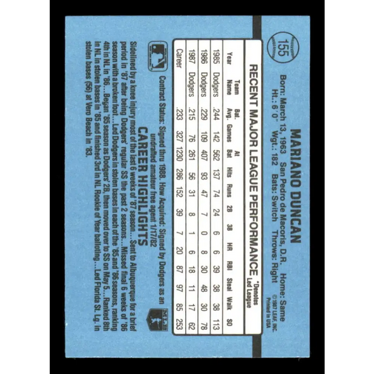 1988 Donruss #155 Mariano Duncan EX Los Angeles Dodgers Baseball Card
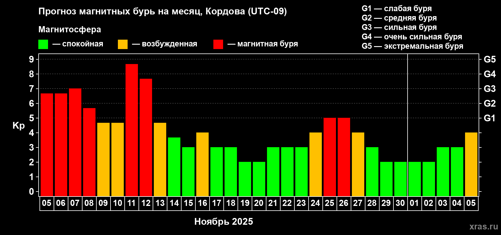 Прогноз магнитных бурь в Кордове — 5 ноября 2025 года
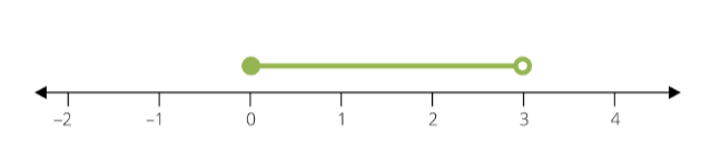 Das Intervall \langle0;3) schreibst du mit der charakteristischen Funktion so auf: 0 \leq x<3 (lese: „die Zahl x ist größer oder gleich null und gleichzeitig kleiner als drei”). Dort, wo die runde Klammer ist, nimmst du „<“ und bei der spitzen Klammer schreibst du „\leq”.

:::

# [Problem requirements]
Write out the material exactly as it stands, omitting every picture.

# [Solved problem]
 1988 Donruss #155 Mariano Duncan EX Los Angeles Dodgers Baseball Card
 Прогноз магнитных бурь в Кордове — 5 ноября 2025 года
 Das Intervall \langle0;3) schreibst du mit der charakteristischen Funktion so auf: 0 \leq x<3 (lese: „die Zahl x ist größer oder gleich null und gleichzeitig kleiner als drei”). Dort, wo die runde Klammer ist, nimmst du „<“ und bei der spitzen Klammer schreibst du „\leq”.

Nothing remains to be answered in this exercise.